For two years after Pinatubo erupted, the average
temperature across the Earth decreased by 0.6ºC. The
volcano’s location close to the equator helped make
Pinatubo the perfect model for explaining how sulphur in
the stratosphere could reduce global warming. But
Professor Crutzen does not want to wait for another
volcano. Instead, controversially, he wants to duplicate
the effects of volcanic eruptions and create a man-made
sulphur screen in the sky.
His solution would see hundreds of rockets filled
with sulphur launched into the stratosphere. He envisages
one million tonnes of sulphur to create his cooling
blanket. “Hydrocarbons are burnt to lift the rocket
material, and the rocket then goes into the stratosphere. In
the stratosphere, hydrogen sulphide is burnt, and the
sulphate particles reflect solar radiation,” he explains.
Devastating effects
But at low altitudes within the Earth’s atmosphere,
sulphur has been known to create a lot of damage. Since
the industrial revolution began over 200 years ago, the
combustion of fossil fuels has put just over a trillion
tonnes of carbon dioxide, as well as sulphur, into the
atmosphere. By the mid-1950s, the effects of sulphur
were killing thousands of people through respiratory
disease. It also caused acid rain and had devastating
effects on plants and animals.
To combat this, clean air acts were introduced and
filters were put in place to reduce sulphur emissions. The
chemistry professor finds it ironic that prior to these clean
air acts, filthy factories actually shielded us from the Sun.
He explains the paradox: “We want to clean up the
environment because air pollution is unhealthy. But this
pollution also cools the Earth by reflecting solar radiation
into space.”
Professor Crutzen is not proposing a return to the
bad old days; rather, he wants to avoid the previous
problems by making sure the sulphur is injected into the
atmosphere at high altitude.
Unknown consequences
Nevertheless, the consequences of putting gargantuan
quantities of sulphur into the atmosphere as he proposes
are unknown. It could increase acid rain, or even damage
the ozone layer—the very thing Professor Crutzen has
dedicated his life to protecting. Neither does his solution
tackle—or offer a way of reducing—the increasing
amount of CO2 that is still being emitted.

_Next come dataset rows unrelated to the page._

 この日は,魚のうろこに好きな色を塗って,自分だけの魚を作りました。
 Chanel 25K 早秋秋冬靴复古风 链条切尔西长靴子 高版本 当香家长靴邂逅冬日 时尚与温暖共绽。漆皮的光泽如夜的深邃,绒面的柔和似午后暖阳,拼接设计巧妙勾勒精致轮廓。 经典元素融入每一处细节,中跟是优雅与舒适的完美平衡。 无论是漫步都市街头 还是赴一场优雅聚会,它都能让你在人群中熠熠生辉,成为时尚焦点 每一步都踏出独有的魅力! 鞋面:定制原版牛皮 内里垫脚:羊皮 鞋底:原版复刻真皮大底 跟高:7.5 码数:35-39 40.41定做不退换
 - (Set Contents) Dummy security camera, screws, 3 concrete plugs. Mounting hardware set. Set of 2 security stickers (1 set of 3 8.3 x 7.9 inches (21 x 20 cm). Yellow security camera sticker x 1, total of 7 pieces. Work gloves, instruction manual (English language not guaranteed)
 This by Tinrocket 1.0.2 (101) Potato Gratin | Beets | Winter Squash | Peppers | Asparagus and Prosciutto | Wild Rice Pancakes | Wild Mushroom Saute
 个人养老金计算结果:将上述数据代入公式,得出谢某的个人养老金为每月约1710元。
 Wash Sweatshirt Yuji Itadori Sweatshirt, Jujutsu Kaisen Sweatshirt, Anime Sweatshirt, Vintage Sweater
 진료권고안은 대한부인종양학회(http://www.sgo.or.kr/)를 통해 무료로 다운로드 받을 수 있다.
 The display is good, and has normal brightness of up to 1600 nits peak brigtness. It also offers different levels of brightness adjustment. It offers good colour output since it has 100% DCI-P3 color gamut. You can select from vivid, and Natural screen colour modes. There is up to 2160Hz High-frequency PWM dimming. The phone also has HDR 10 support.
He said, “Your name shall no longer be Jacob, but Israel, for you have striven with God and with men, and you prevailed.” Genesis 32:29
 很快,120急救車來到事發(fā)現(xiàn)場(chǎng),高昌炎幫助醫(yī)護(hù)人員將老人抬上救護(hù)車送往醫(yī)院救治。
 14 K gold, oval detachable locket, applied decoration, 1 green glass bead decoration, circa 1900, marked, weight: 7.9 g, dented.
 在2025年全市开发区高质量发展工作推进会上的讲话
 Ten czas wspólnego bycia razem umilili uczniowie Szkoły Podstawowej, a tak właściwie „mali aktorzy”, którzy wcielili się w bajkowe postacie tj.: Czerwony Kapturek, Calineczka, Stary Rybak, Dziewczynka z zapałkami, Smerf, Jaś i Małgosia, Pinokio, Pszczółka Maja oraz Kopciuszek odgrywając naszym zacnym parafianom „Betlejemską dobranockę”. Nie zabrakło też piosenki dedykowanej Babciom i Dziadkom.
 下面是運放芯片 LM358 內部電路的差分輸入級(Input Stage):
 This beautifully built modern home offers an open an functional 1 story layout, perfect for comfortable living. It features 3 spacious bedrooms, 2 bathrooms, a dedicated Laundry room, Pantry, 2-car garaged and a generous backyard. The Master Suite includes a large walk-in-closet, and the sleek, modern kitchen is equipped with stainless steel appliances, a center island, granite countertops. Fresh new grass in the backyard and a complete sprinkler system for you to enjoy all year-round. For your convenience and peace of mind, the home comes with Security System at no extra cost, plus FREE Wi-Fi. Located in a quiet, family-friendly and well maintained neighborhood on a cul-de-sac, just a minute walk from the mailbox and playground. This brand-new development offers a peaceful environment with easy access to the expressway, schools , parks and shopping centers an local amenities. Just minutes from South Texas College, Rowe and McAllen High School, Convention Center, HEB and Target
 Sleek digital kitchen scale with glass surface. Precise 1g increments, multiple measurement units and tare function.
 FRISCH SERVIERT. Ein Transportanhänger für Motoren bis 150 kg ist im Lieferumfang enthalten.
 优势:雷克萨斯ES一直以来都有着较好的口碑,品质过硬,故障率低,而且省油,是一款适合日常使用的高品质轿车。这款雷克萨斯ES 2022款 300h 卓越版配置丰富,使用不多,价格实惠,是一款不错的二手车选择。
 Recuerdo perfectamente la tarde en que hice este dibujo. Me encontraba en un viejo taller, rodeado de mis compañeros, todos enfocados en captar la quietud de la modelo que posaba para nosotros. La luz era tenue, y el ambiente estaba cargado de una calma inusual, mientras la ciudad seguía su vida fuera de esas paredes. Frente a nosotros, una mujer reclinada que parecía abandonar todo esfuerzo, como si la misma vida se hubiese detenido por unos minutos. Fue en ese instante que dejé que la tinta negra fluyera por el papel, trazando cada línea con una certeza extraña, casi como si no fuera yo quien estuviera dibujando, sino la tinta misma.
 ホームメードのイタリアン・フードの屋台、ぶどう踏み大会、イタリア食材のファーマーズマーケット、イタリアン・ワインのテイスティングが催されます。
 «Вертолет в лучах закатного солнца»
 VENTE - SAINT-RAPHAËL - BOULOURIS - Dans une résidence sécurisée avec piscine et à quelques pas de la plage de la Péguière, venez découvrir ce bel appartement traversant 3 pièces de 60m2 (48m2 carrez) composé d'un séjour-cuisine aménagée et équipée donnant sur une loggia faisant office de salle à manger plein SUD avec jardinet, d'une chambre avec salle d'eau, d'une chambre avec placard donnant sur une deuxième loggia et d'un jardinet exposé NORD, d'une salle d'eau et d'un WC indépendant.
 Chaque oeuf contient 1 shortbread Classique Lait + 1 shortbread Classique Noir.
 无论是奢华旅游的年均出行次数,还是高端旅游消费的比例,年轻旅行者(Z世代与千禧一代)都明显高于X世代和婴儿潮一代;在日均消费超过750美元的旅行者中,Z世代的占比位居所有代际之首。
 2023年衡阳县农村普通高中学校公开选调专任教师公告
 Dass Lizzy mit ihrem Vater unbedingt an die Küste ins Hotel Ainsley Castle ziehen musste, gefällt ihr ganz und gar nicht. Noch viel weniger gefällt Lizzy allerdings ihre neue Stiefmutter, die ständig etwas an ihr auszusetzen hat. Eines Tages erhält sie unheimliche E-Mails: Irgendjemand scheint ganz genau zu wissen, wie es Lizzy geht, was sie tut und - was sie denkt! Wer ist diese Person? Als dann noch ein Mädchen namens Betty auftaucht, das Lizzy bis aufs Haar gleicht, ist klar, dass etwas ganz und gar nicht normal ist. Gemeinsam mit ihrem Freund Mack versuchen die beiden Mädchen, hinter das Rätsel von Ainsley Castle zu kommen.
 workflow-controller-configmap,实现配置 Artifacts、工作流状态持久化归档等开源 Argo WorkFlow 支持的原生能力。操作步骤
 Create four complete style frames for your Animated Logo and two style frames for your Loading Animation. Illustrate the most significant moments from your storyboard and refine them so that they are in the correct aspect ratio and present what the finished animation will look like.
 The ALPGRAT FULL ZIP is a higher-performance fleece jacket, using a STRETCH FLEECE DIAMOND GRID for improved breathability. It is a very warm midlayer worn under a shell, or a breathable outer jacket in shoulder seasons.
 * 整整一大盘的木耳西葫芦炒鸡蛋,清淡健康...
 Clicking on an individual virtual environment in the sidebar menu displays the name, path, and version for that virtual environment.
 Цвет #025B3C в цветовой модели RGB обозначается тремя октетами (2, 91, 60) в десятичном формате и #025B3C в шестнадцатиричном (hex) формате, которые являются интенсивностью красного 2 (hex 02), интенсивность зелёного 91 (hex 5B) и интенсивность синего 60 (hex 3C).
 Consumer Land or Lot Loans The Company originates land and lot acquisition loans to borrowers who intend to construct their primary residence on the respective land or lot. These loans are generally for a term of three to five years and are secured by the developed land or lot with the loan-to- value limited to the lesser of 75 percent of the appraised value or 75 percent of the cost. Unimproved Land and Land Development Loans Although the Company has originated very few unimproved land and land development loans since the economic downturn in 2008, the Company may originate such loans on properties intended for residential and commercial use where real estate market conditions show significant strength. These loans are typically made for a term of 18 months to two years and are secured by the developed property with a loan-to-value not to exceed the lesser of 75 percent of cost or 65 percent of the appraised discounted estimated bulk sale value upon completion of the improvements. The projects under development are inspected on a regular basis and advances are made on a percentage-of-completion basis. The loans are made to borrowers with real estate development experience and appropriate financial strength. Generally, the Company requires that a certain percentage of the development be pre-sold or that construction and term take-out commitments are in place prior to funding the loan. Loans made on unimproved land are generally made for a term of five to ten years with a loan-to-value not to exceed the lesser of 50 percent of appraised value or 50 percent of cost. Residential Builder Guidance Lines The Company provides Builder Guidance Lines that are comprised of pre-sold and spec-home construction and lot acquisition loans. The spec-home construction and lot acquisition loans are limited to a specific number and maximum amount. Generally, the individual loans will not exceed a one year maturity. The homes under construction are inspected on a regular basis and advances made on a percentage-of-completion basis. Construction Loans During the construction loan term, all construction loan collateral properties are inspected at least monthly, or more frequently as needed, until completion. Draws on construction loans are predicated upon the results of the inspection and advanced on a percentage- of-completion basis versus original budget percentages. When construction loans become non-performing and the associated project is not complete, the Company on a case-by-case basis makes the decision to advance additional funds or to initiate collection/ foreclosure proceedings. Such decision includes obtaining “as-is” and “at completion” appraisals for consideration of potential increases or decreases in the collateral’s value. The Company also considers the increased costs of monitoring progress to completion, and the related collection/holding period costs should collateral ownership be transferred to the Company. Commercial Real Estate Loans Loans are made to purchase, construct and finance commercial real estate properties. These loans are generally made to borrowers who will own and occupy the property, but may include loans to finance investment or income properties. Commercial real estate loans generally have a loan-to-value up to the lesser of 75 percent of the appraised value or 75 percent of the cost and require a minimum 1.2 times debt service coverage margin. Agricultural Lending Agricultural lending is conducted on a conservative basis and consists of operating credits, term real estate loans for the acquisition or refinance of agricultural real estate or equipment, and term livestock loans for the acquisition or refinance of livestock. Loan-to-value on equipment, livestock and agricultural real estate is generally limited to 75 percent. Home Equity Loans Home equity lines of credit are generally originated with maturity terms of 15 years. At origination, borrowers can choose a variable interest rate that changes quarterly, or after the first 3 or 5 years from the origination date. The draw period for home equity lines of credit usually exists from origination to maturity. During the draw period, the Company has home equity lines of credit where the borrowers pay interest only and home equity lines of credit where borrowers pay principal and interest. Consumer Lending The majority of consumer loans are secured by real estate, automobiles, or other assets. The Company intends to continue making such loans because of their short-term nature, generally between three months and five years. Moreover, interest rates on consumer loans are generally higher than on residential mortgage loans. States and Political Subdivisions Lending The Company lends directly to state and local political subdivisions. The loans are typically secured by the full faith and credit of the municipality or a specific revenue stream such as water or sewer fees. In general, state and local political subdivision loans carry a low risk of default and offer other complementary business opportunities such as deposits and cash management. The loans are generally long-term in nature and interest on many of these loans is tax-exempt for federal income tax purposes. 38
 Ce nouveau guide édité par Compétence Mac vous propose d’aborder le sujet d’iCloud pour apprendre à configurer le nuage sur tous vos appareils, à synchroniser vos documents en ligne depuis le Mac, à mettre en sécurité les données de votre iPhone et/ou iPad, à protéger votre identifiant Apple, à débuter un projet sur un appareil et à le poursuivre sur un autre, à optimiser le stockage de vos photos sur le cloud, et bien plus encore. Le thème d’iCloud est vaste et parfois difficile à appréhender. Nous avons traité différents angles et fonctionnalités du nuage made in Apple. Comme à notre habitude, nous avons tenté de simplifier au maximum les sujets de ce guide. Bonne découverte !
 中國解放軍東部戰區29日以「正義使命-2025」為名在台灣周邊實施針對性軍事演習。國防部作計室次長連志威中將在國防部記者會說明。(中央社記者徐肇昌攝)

But Professor Crutzen believes global warming may
reach such critical levels within the next 30 years that a
radical strategy will be needed. He thinks we should at
least test his plan, so we know now what the risks might
be if we face a catastrophic situation in the future. “I am
prepared to lose some bit of ozone if we can prevent
major increases of temperature in the future, say beyond
two degrees or three degrees,” he says.
Whether other scientists agree that a sulphur screen
is a viable solution remains to be seen.